═════ DATA ═════

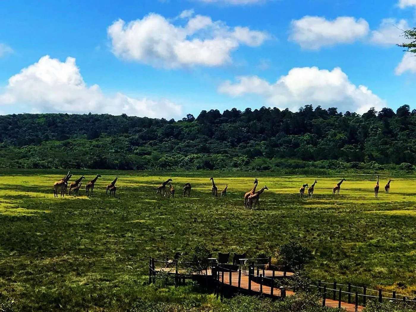 Der umliegende Nationalpark zeichnet sich durch eine abwechslungsreiche Landschaft mit Bergregenwald, Seen und offenen Savannenflächen aus und beherbergt zahlreiche Tierarten wie Giraffen, Zebras, Büffel, Antilopen, Warzenschweine sowie eine große Vielfalt an Vogelarten. Auch seltenere Tiere wie Colobus-Affen oder Kirk-Dikdiks können mit etwas Glück beobachtet werden.
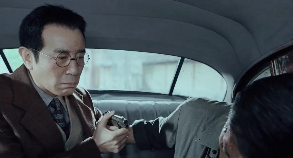 吴石拿枪在他耳边示警那场戏,他膝盖本能地一软,但随即站直,眼神里没有恐惧,反而是更深的执念。
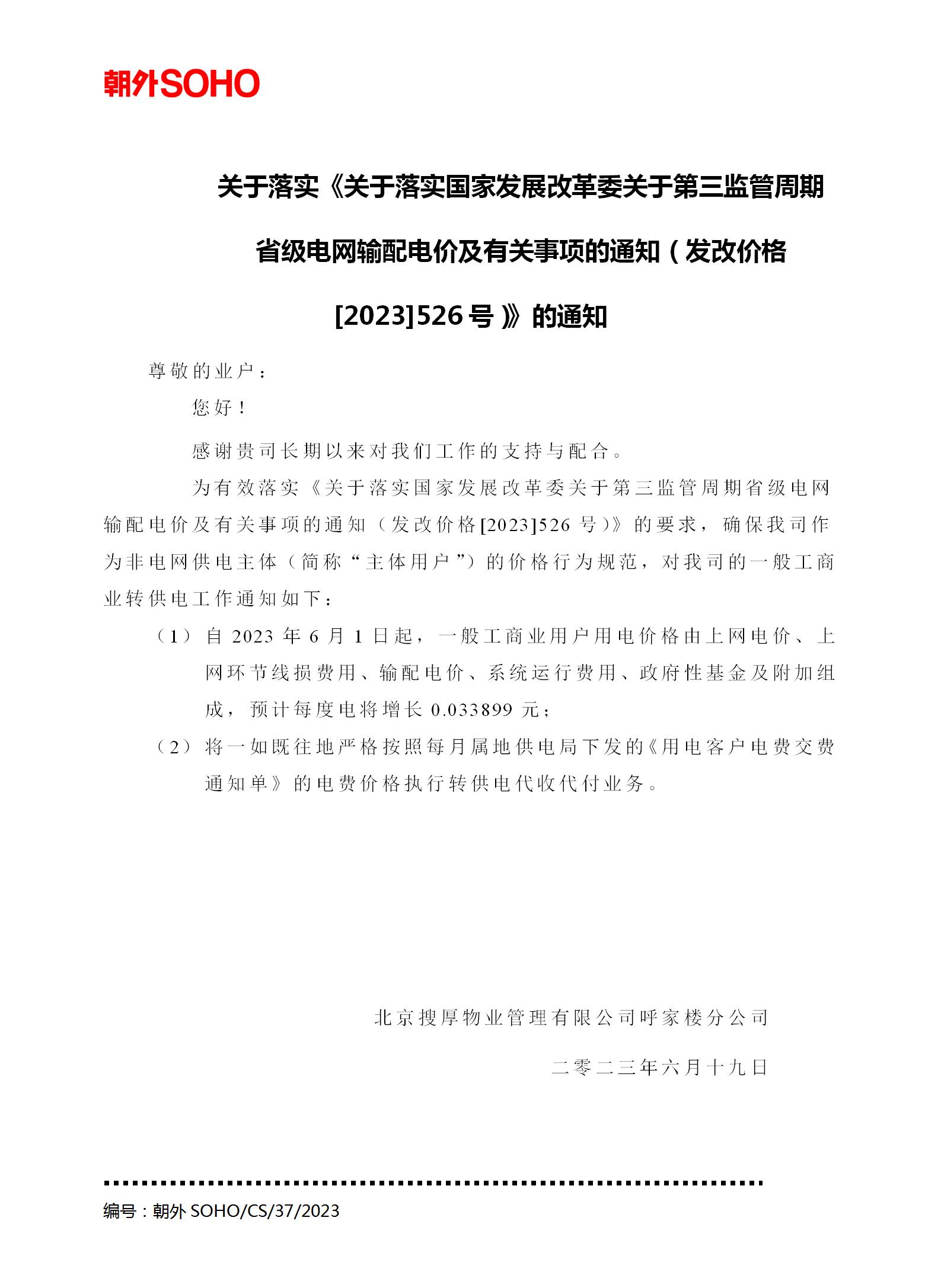 关于落实《关于落实国家发展改革委关于第三监管周期 省级电网输配电价及有关事项的通知(发改价格[2023]526号)》的通知

═════

WHAT THE TASK REQUIRES:
Repeat the whole listing above word for word, but keep any picture out of it.

EXERCISE OUTPUT:
 Der umliegende Nationalpark zeichnet sich durch eine abwechslungsreiche Landschaft mit Bergregenwald, Seen und offenen Savannenflächen aus und beherbergt zahlreiche Tierarten wie Giraffen, Zebras, Büffel, Antilopen, Warzenschweine sowie eine große Vielfalt an Vogelarten. Auch seltenere Tiere wie Colobus-Affen oder Kirk-Dikdiks können mit etwas Glück beobachtet werden.
 吴石拿枪在他耳边示警那场戏,他膝盖本能地一软,但随即站直,眼神里没有恐惧,反而是更深的执念。
 关于落实《关于落实国家发展改革委关于第三监管周期 省级电网输配电价及有关事项的通知(发改价格[2023]526号)》的通知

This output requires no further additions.